In most cases payment of medical expenses is relatively straightforward. Problems usually exist where claimants seek reimbursement for medications not seemingly related to the accepted condition(s). These claims will require liaison with both claimant and medical provider to establish bona fides of any such request. There may be times when this investigation could lead to a claim for a sequela condition. Reference to the Liability Handbook will assist delegates in these situations.
The cost of medications or other services will from time to time cause delegates to have concerns. When deciding what amount is appropriate to pay for a particular medical treatment regard should be given to what is generally charged by similar service providers. If the cost that DVA is asked to pay is within a reasonable mean of such services then delegates should approve the service. The AAT case of Sinclair and Comcare (2002) is a useful reference point. This can often be an issue when considering costs of gym memberships etc. Provided these costs are within a range applicable to that service payment should be approved, provided that the criteria included in this handbook is addressed.
Advice on the suitability and cost of medications for claimants can also be obtained through the Veterans' Affairs Pharmaceutical Advisory Centre (VAPAC). VAPAC's role is to advise all elements of DVA on the provision of pharmaceuticals, and they can even liaise with providers and clients on the range, suitability and cost of medications.
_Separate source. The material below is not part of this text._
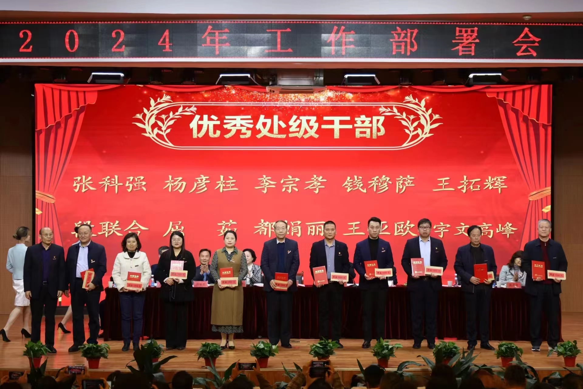 曹庆年校长部署了2024年学校工作,他指出,2024年工作基调是:以党建工作为引领,以立德树人为根本任务,不断强化教学中心地位,加强内涵建设,持续提高人才培养质量。2024年工作目标是:夯实基础、补齐短板、规范管理、指标达标。工作依据是学校第二次党代会精神、《“十四”五事业发展规划》、教学工作会议精神、学生工作会议精神、《评估整改工作方案》。围绕2024年工作目标,曹庆年校长强调了“怎么做”的问题,一是抓好党建工作。要把党建工作与师德师风建设相结合、与人才培养相结合、与学风建设相结合。二是抓好教学与科研工作。要全力稳定正常的教学秩序;贯彻OBE理念,开展专业认证试点工作,持续加强专业建设;建立和完善教师工作业绩评价体系、教师教学评价体系、学生学习评价体系;建立管建评一体系体系;扎实做好毕业设计;坚持学科专业一体化建设,不断加强科研工作,鼓励教师围绕轨道交通特色凝练自己的研究方向;以产业学院建设为抓手,扎实做好产教融合工作;持续抓好课程思政建设,围绕专业做好《课程思政工作指南》。三是抓好学生工作和就业工作。学生工作方面,要坚持教育、服务、管理的理念,不断加强学风建设,构建学生工作评价体系,开展量化考核;严格落实班主任工作制度;在学风建设中充分发挥班干部、党员、积极分子的作用,指导学生自我管理、自我服务;要以学科竞赛、大学生创新创业项目及社团活动为抓手,结合30周年校庆开展丰富多彩的校园文化活动。就业工作方面,要落实就业工作“一把手”工程,多举办线上线下招聘会并鼓励学生积极参加;认真落实毕业生就业去向,确保数据详实准确可靠;要高度关注困难学生就业问题;全力以赴做好访企拓岗工作。四是抓好保障工作。队伍保障方面,要继续加大教师招聘力度;加强教师培训,提高双师型教师比例;做好优秀教师的选拔工作;配齐配强关键部门的教学行政和专业技术岗位人员。财务保障方面,要尽快完成内控制度建设;修订财务报账相关程序,确保合法法规和简便;高度关注教学日常运行经费支出;加强培训,增强教学单位对教学日常经费17项内容的理解。大后勤保障方面,要不断推进物资采购和建设项目力度,主动与院部对接,提高效率,保证质量;要建立定期巡查制度,后勤保障处重点巡查教学设施、饮食卫生;保卫处、教务处定期巡查实验室安全,主动发现问题,整改问题,保障教学状态良好,教学秩序稳定。

There will also be occasions where suggested medical treatment (mainly but not exclusively operative procedures) could be seen as lacking empirical stature. This could include surgery using still relatively new devices or hardware. There may also be operations of 'last resort' leading to irreversible procedures in relatively young people. While these may give a reasonable outcome delegates considering requests should proceed with full awareness of what the outcome of the procedure will do in relation to the claimants condition. Delegates should not hesitate in seeking a second opinion as to the reasonableness of the treatment proposed. Use of Departmental medical advisers will assist in these situations.
Whilst some of the writings in this handbook are prescriptive the intent is to ensure the service requested is appropriate to the needs of the claimant and directed toward a beneficial outcome.